A complete example program encoding and decoding ``mystruct'' can be found
at \textsf{docs/\-extended.c} in the distribution.

\section{The XDS Framework}
\label{xds}

\subsection{xds\_t* xds\_init(xds\_mode\_t~\underline{mode});}

This routine creates and initializes a context for use with the XDS
library. The ``mode'' parameter may be either \textsf{XDS\_ENCODE} or
\textsf{XDS\_DECODE}, depending on whether you want to encode or to decode
data. If successful, \textsf{xds\_init()} returns a pointer to the XDS
context structure. In case of failure, \textsf{xds\_init()} returns
\textsf{NULL} and sets \textsf{errno} to ENOMEM (failed to allocate
internal memory buffers) or EINVAL (``mode'' parameter was invalid).

A context obtained from \textsf{xds\_init()} must be destroyed by
\textsf{xds\_destroy()} when it is not needed any more.

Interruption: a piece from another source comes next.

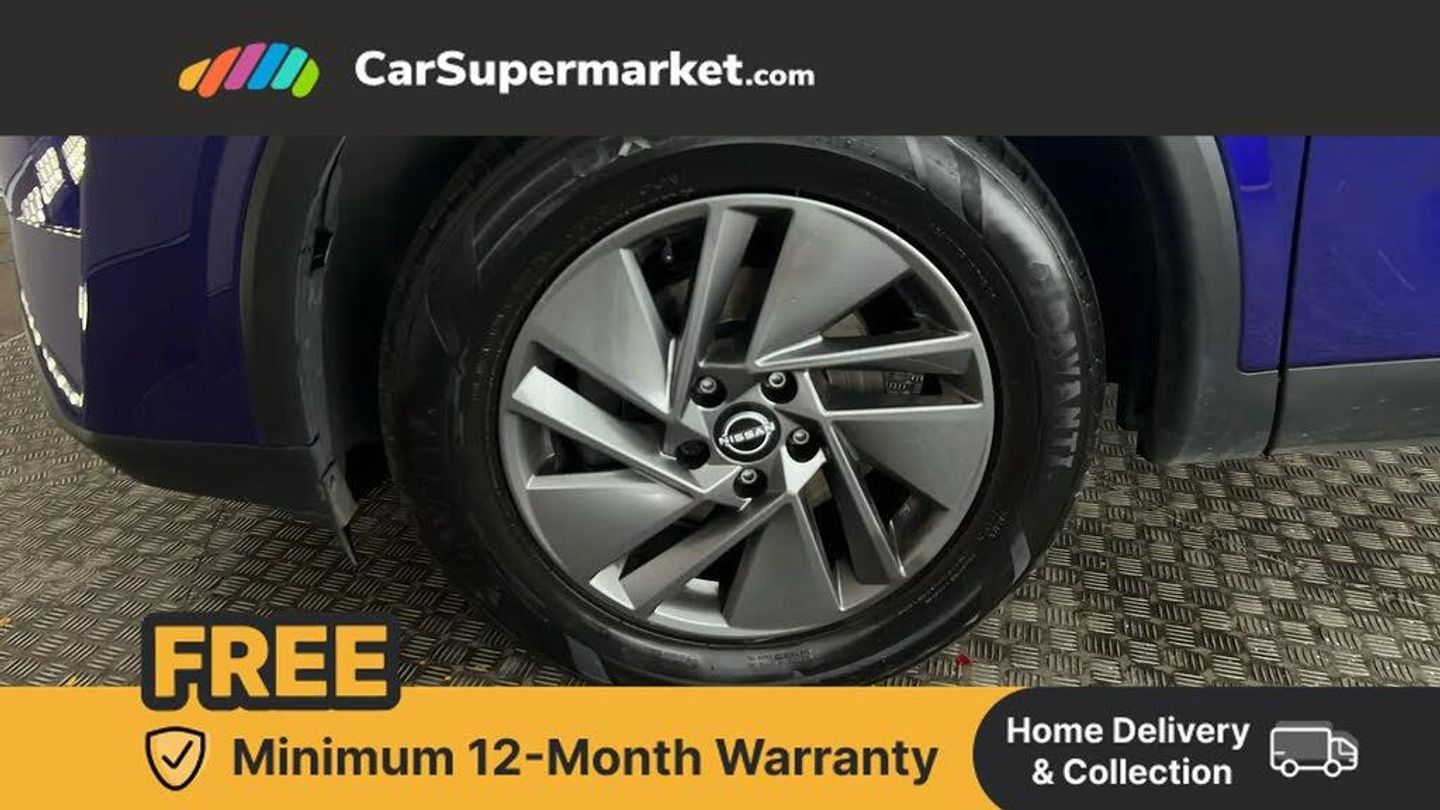 7" High definition full colour TFT screen combimeter,Android auto/Apple CarPlay (Wired),Blind spot warning,Drive modes (sport, normal, eco),Electric speed sensitive power steering,Emergency and breakdown call,Idle stop/start system,Intelligent Cruise control (ICC),Intelligent driver alert system,Intelligent forward collision warning,Intelligent lane intervention,Lane departure prevention,Lane departure warning system,Maximum speed limiter,Nissan connect 8" touchscreen infotainment system,Push button starter,Rear cross traffic alert,Rear parking sensors,Rear view camera,Traffic sign recognition with legal speed adjustment,Trip computer,6 speakers,AM/FM audio system with DAB,Bluetooth audio streaming,Front USB connections (Type-A and Type-C),Auto dimming rear view mirror,Auto rear wiper when reversing,Automatic hazard signal with emergency stop signal,Body colour mirror caps,Body coloured door handles,Bodyside mouldings,Chrome side window finisher,Door handle with button,Electric auto folding door mirrors,Electrically adjustable and heated door mirrors with LED turn indicator,Follow me home headlights,High beam assist,Intelligent auto headlights,LED 3rd brake light,LED daytime running lights,LED Headlights,LED rear lights,One touch front and rear electric windows with remote opening and closing,Partially body coloured bumpers,Rear reversing light (bulb lighting),Rear roof spoiler,Rear side wing doors,Shark fin antenna,Splash free rain sensing wipers,Three blink turn signal,12v power socket in dashboard and luggage,2x Rear coat hooks,3 bench rear seats in 2nd row,3 rear headrests,4 folding assist grip,6-way manually adjustable driver's seat,60/40 split folding rear seat bench,Centre console storage tray,Chrome interior door handles,Cloth monoform upholstery,Driver and front passenger sunvisors with illuminated vanity mirrors,Dual zone automatic climate control with pollen filter,Electrically adjustable lumbar support for driver,Front and rear door storage,Front centre console and armrest,Front cupholders x 2,Front door with bottle holders,Glovebox with light,Hard trunk cover,Height adjustable driver's seat,Height adjustable front headrests,Height adjustable passenger seat,Luggage space lighting,Manually adjustable passenger (slide recline + lifter),Multifunction steering wheel,Passenger seat back pocket,Rear armrest with 2 cupholders,Rear door bottle holders,Single front passenger seat,Steering wheel gearshift paddles,Steering wheel switches,Sunglasses holder,Tilt/telescopic adjustable steering wheel,Two rear isofix child seat anchorage points with top tether,3x3 point rear seatbelt pretensioners + load limiters,ABS with EBD and brake assist,Active brake limited slip,Auto hold function,Child locks on rear doors,Curtain and front side, far side airbags,Driver and passenger airbags,Driver, passenger and 2nd row rear seat belt reminder,Electronic parking brake,Front seatbelt pretensioners + load limiters,Height adjustable front seatbelts,Hill start assist,Intelligent blind spot intervention,Intelligent front emergency braking with pedestrian, cyclist recognition and junction assist,Intelligent rear automatic braking,Tyre pressure monitoring system,Vehicle dynamic control,Capless fuel filler,Engine immobiliser,Intelligent Key,Remote central door locking with deadlocking,Thatcham Cat.1 alarm,Interior instrumental panel A finisher,17" Alloy wheels,Tyre puncture repair kit

\subsection{void xds\_destroy(xds\_t*~\underline{xds});}

\textsf{xds\_destroy()} will destroy an XDS context created by
\textsf{xds\_init()}. Doing so will return all resources associated with
this context --- most notably the memory used to buffer the results of
encoding or decoding any values. A context may not be used after it has
been destroyed.

\subsection{int xds\_register(xds\_t*~\underline{xds}, const~char*~\underline{name}, xds\_engine\_t~\underline{engine}, void*~\underline{engine\_context});}

This routine will register an engine in the provided XDS context. An
``engine'' is potentially any function that fullfils the following
interface:

\begin{quote}
\begin{verbatim}
int engine(xds_t* xds, void* engine_context,
           void* buffer, size_t buffer_size, size_t* used_buffer_size,
           va_list* args);
\end{verbatim}
\end{quote}

By calling \textsf{xds\_register()}, the engine ``engine'' will be
registered under the name ``name'' in the XDS context ``xds''. The last
parameter ``engine\_context'' may be used as the user sees fit: It will be
passed when the engine is actually called and may be used to implement an
engine-specific context. Most engines will not need a context of their own,
in which case \textsf{NULL} should be specified here.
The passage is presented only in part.